• What to work on
Give again, word for word, the lines below that run from the line with "This 1972 Boston" through the line with "호이스트: 변수의 정의가". Drop the pictures.

• Source information
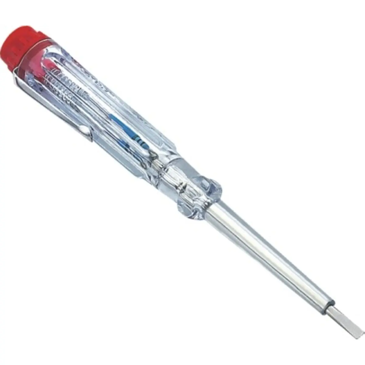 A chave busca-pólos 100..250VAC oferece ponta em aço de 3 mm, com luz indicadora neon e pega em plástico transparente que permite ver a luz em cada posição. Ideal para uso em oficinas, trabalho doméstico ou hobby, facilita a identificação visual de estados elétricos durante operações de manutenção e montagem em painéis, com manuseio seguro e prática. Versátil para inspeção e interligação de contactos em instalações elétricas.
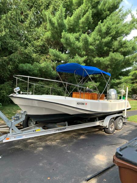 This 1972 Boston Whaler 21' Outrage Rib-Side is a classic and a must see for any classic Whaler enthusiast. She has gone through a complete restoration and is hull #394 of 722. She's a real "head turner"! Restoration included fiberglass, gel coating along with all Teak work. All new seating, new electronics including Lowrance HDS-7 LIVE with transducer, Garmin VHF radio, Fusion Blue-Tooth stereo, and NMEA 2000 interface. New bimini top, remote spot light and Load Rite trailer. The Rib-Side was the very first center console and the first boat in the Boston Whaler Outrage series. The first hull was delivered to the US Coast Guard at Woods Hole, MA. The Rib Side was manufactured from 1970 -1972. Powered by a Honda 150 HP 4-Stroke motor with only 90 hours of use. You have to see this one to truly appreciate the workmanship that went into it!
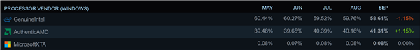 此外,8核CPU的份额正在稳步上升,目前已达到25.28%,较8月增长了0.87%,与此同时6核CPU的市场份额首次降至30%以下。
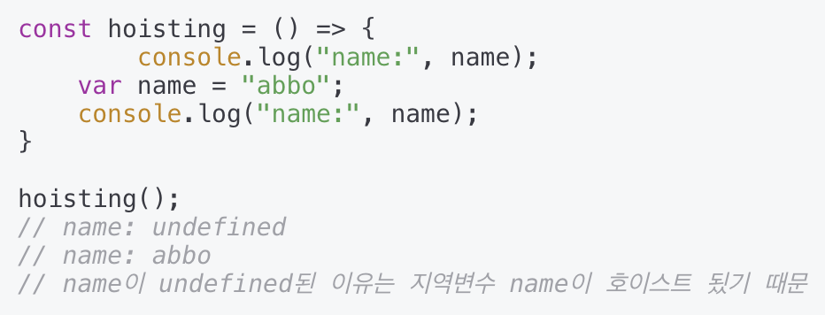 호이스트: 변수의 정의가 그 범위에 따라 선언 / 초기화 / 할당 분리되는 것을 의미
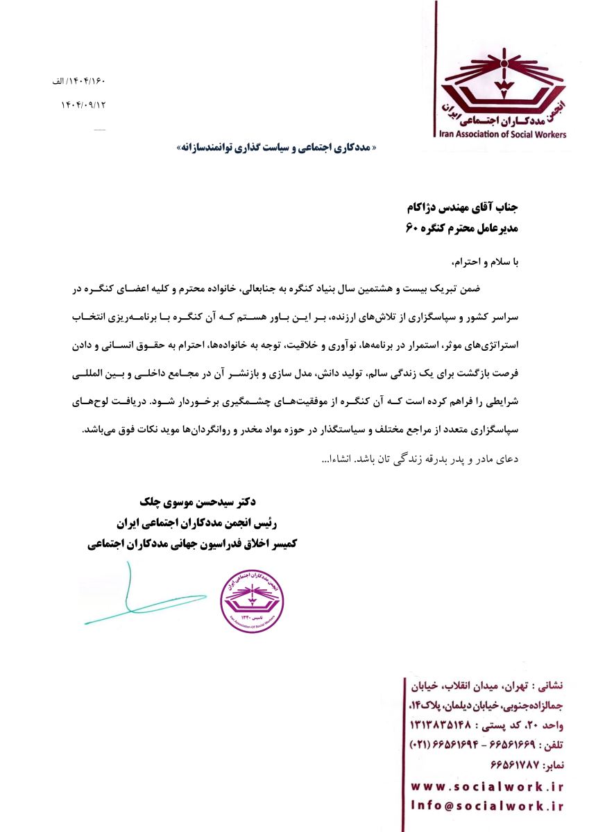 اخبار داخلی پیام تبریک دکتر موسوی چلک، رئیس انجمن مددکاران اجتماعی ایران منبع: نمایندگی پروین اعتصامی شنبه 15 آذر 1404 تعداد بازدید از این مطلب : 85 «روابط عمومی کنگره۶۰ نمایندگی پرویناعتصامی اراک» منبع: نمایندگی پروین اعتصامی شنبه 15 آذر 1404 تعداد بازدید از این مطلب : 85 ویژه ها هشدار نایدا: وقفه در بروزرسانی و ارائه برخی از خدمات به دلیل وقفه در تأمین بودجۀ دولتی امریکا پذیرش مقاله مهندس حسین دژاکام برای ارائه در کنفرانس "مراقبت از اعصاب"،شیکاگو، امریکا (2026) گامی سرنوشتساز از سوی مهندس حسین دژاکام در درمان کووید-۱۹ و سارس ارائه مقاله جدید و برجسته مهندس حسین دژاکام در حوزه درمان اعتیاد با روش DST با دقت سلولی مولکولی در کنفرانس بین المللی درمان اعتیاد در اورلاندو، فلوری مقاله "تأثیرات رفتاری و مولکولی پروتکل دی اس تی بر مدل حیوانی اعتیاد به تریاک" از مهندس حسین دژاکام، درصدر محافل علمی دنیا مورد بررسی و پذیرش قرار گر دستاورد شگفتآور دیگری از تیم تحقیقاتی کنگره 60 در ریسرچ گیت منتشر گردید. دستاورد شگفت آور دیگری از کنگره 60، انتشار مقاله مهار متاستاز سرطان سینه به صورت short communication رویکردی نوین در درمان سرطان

==

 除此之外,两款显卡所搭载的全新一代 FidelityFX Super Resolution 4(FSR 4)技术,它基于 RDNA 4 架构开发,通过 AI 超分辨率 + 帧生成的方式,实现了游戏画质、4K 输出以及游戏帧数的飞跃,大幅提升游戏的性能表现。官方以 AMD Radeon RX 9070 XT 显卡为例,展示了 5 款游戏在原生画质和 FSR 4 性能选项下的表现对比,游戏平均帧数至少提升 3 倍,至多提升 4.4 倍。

==

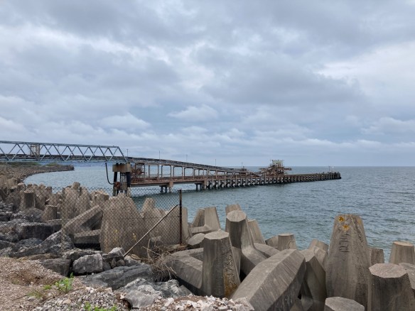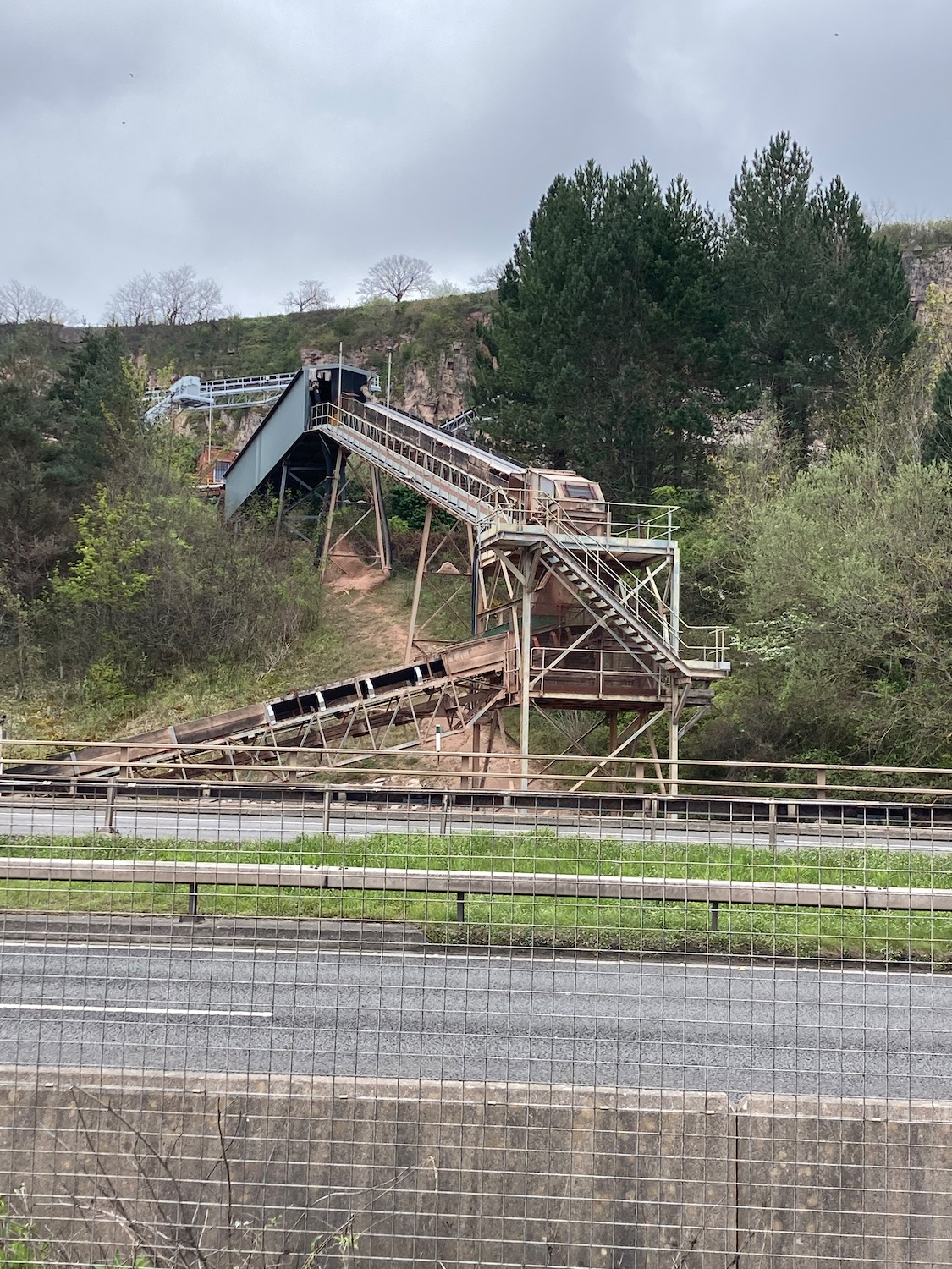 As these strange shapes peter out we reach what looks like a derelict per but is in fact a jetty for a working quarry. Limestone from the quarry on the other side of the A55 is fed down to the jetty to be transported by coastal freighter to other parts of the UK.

• Reply to the task
 This 1972 Boston Whaler 21' Outrage Rib-Side is a classic and a must see for any classic Whaler enthusiast. She has gone through a complete restoration and is hull #394 of 722. She's a real "head turner"! Restoration included fiberglass, gel coating along with all Teak work. All new seating, new electronics including Lowrance HDS-7 LIVE with transducer, Garmin VHF radio, Fusion Blue-Tooth stereo, and NMEA 2000 interface. New bimini top, remote spot light and Load Rite trailer. The Rib-Side was the very first center console and the first boat in the Boston Whaler Outrage series. The first hull was delivered to the US Coast Guard at Woods Hole, MA. The Rib Side was manufactured from 1970 -1972. Powered by a Honda 150 HP 4-Stroke motor with only 90 hours of use. You have to see this one to truly appreciate the workmanship that went into it!
 此外,8核CPU的份额正在稳步上升,目前已达到25.28%,较8月增长了0.87%,与此同时6核CPU的市场份额首次降至30%以下。
 호이스트: 변수의 정의가 그 범위에 따라 선언 / 초기화 / 할당 분리되는 것을 의미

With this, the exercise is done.